- **WHAT THIS TASK INVOLVES**:
Exact copy, pictures excluded: please retype the lines from the start of the material through the line containing "Innovative All-Steel Buckles", both ends included, and nothing more.

- **STORED DATA**:

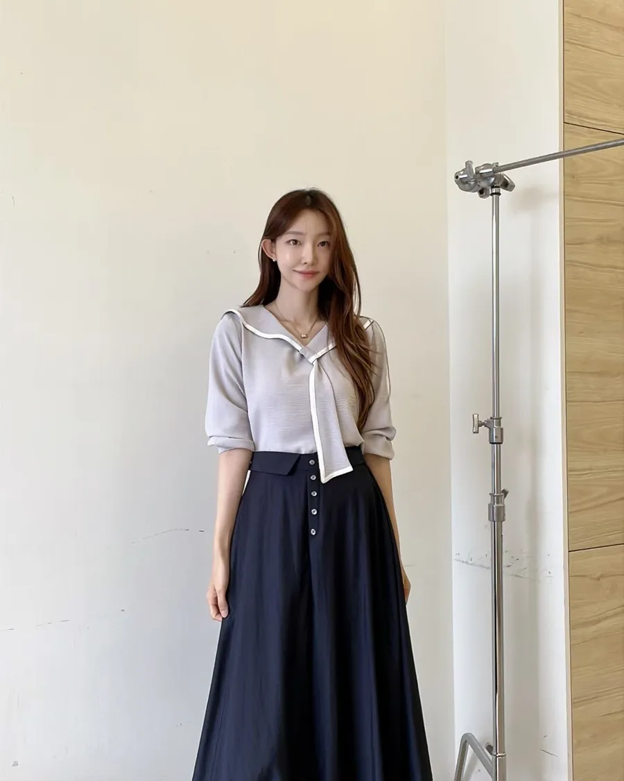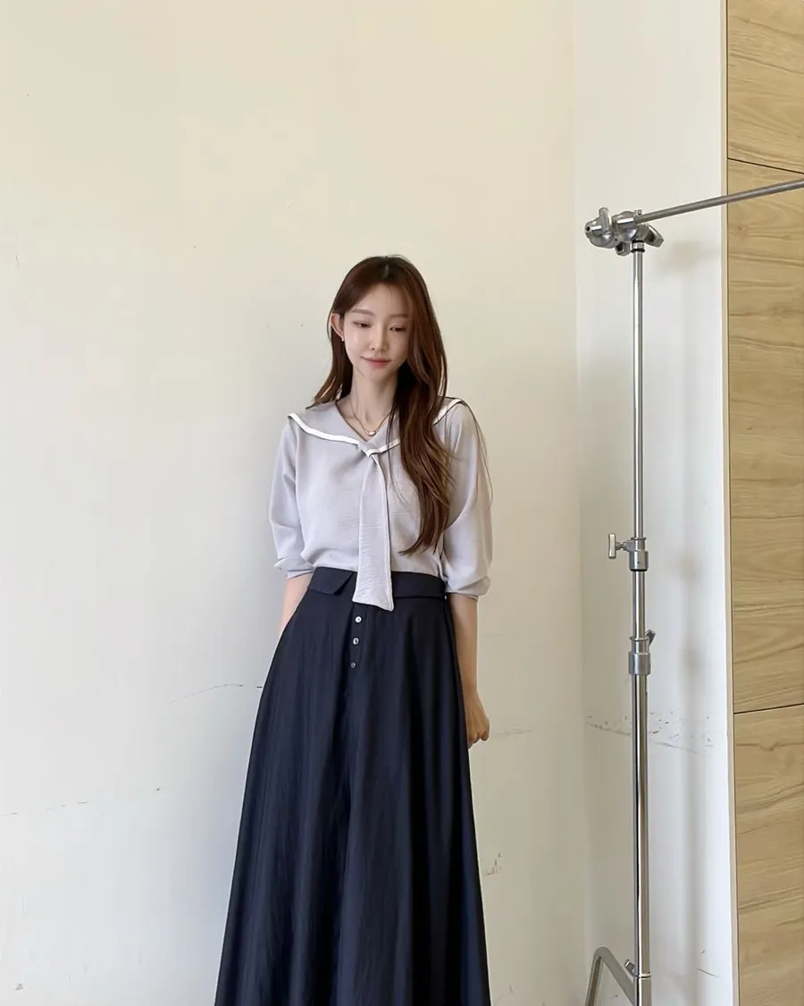 正韓Nature 海軍領氣質襯衫+A字高腰長裙
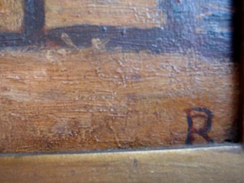 SEE AREA WHERE THE WOOD HAS SPLIT IN THE MIDDLE AREA OF THE PAINTING - HAS BEEN RESTORED.
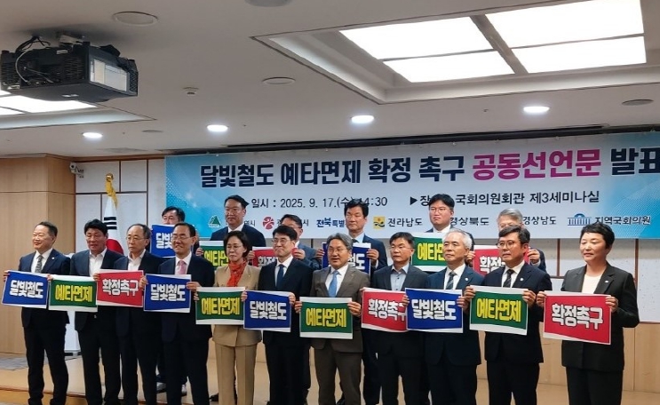 [무한뉴스=최진수 기자] 영․호남 6개 시․도지사와 달빛철도 경유지역 국회의원들이 17일 국회에서 ‘달빛철도 예비타당성조사 면제 확정을 촉구하는 공동선언’을 발표했다.
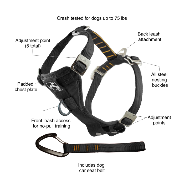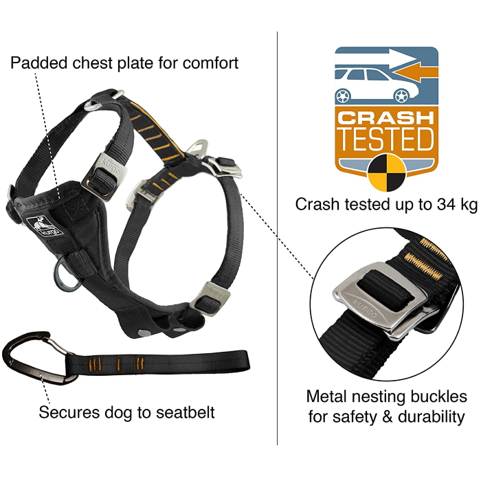 Innovative All-Steel Buckles – The Kurgo all-steel Nesting Buckle system is based on the time-tested harnesses of rock climbers and linesmen. The Nesting Buckles take a minute to learn, but are very easy to use.
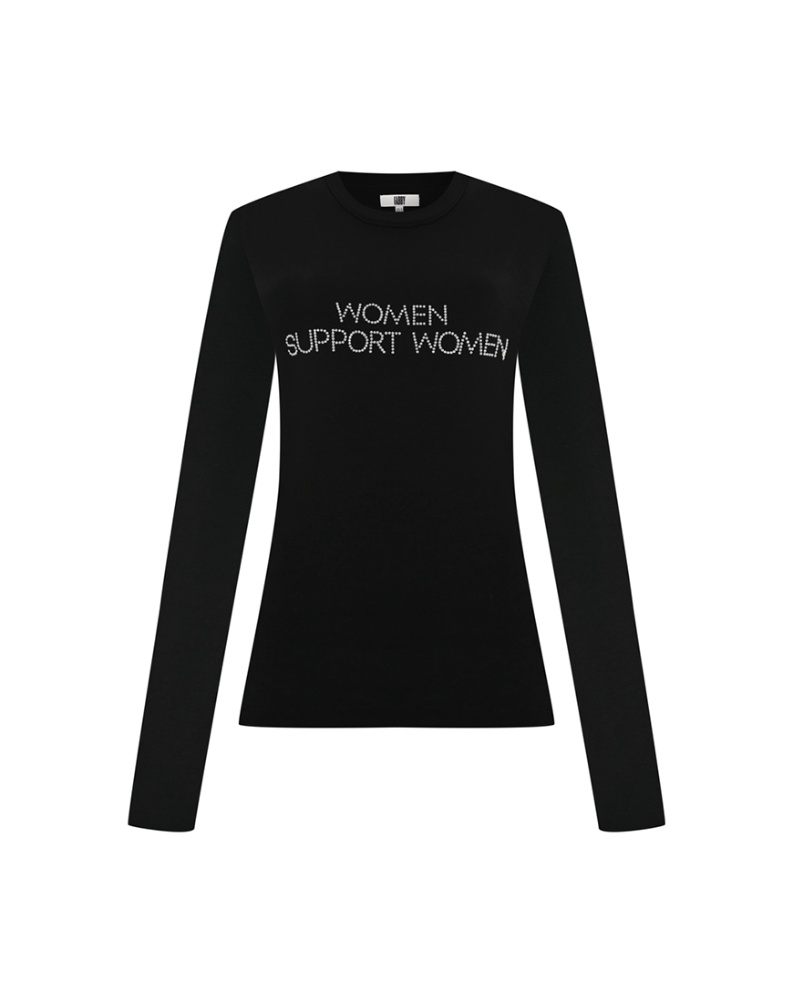 Цей лонгслів – маніфест жіночої сили та єдності. Виконаний з мʼякої бавовни, класичний круглий виріз. Надпис нанесений кристалами вручну
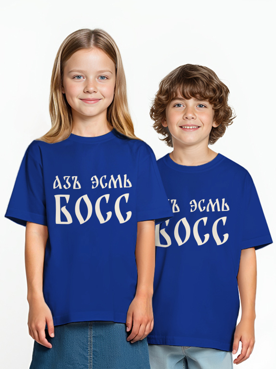 Детская футболка «Аз есмь босс подарок начальнику мем надпись прикол»
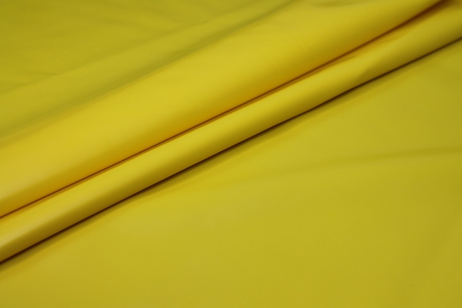 Yellow semi transparent PVC look material, semi-sheer plastic type fabric, made of polyurethane, non-woven and thermoplastic. 130cm wide.

- **YOUR RESPONSE**:
 正韓Nature 海軍領氣質襯衫+A字高腰長裙
 SEE AREA WHERE THE WOOD HAS SPLIT IN THE MIDDLE AREA OF THE PAINTING - HAS BEEN RESTORED.
 [무한뉴스=최진수 기자] 영․호남 6개 시․도지사와 달빛철도 경유지역 국회의원들이 17일 국회에서 ‘달빛철도 예비타당성조사 면제 확정을 촉구하는 공동선언’을 발표했다.
 Innovative All-Steel Buckles – The Kurgo all-steel Nesting Buckle system is based on the time-tested harnesses of rock climbers and linesmen. The Nesting Buckles take a minute to learn, but are very easy to use.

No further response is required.